On this last point, carriers should fight fire with fire. Maybe it's time for a remake of the vision-impaired “Longstreet,” who uses cool, high-tech gadgets to expose the thousands who file false claims.
On a more serious note, why not sponsor a new drama, “Masters Of Disaster,” about dynamic adjusters who brave the horrors of hurricanes, floods, earthquakes and other catastrophes to make insureds whole again?
Or how about backing a weekly reality program–”Insurance SIU”–portraying real-life investigators at work, to show that insurers can actually be the good guys, and might even be fun to watch!
To sum up the challenge ahead for this industry, I'll leave you with an anecdote from the fall of 2007, shortly before the first time I delivered a version of this presentation.
I had been invited to make a speech on the industry's image and its impact on the bottom line before a gathering of insurance company financial types.

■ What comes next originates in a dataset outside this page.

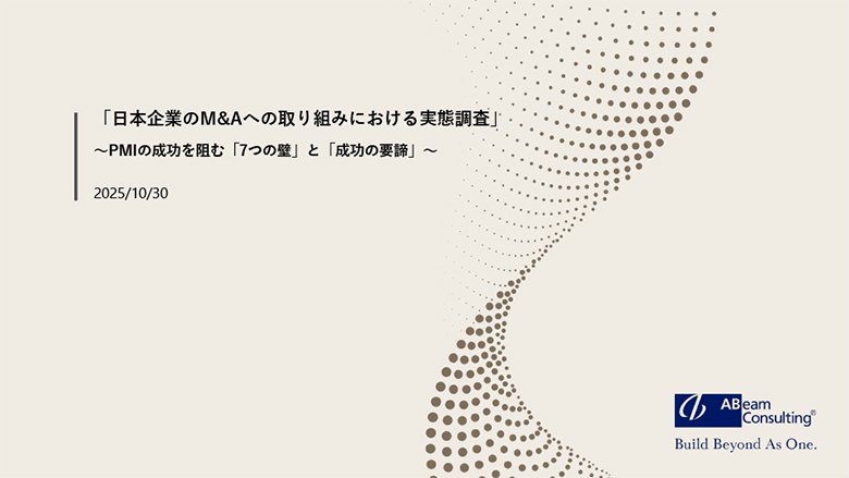 アビームコンサルティングは、日本企業のM&Aへの取り組み実態と企業価値向上の相関性を明らかにするため、M&A関連業務経験を有する経営層から主任・係長職までの300名を対象に調査を実施しました。

The group sent a stretch limo to pick me up at the airport and take me to the exclusive Boca Raton Resort & Club, where the meeting was being held.
The driver, after asking why I was in town and hearing about my talk, lamented how “insurance is ruining my life” by sending the price of coverage skyrocketing, or pulling out of the state. He complained bitterly that no insurer had ever taken the time to explain to him–individually or through advertising–why policies cost so much, or why it took carriers so long to pay his claims after a storm.
“You guys don't look like you're doing too badly,” he frowned, as he helped me out of the limo in front of the luxurious hotel. “Tell your insurance pals we need affordable coverage down here.”
This is the perception carriers are up against, and perception is reality when it comes to dealing with the fallout politically. People vaguely understand insurance isn't cost-free but are convinced carriers are flush with cash that is rightfully theirs. Claims are never paid quickly enough, and prices are always too high.
Countering such a negative public mindset is a serious problem. The question is, can insurers rise to that challenge?
I believe they can! What do you think?